Exercise objective: Could you return every line of the records below that contains the word "during"?

Segment Start: Entries shown

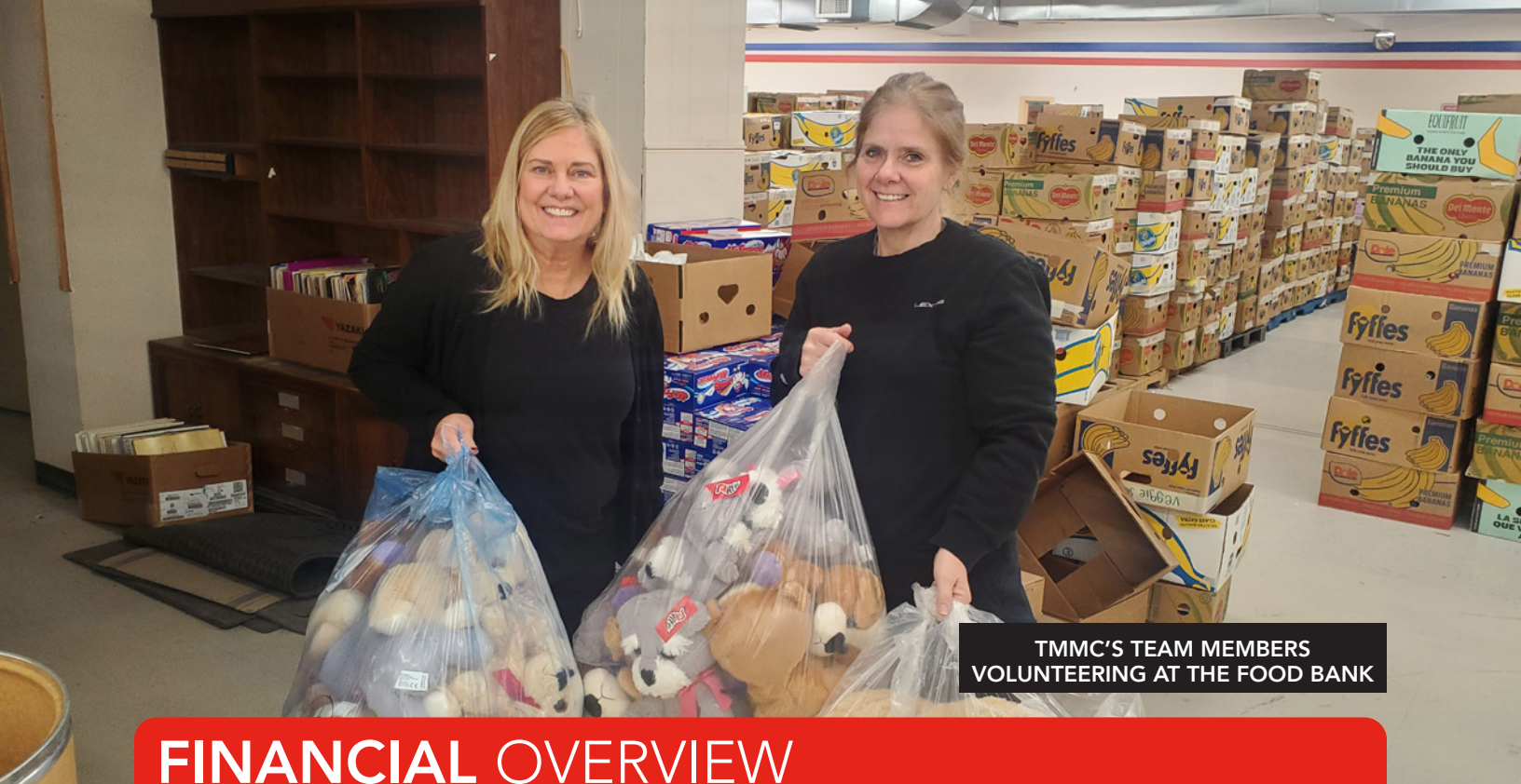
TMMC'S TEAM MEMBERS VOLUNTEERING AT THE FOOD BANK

Segment End: Entries shown
Segment Start: Entries shown

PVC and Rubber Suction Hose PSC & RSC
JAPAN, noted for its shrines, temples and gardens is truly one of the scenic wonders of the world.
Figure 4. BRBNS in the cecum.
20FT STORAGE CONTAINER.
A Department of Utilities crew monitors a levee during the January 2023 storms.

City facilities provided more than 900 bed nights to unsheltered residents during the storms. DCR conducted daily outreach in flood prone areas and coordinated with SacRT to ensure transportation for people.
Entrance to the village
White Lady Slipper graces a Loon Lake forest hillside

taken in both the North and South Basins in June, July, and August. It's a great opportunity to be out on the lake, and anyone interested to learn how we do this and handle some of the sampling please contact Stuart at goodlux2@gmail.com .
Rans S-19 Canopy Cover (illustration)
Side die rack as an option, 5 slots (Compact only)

Segment End: Entries shown

Response for this exercise:
A Department of Utilities crew monitors a levee during the January 2023 storms.
City facilities provided more than 900 bed nights to unsheltered residents during the storms. DCR conducted daily outreach in flood prone areas and coordinated with SacRT to ensure transportation for people.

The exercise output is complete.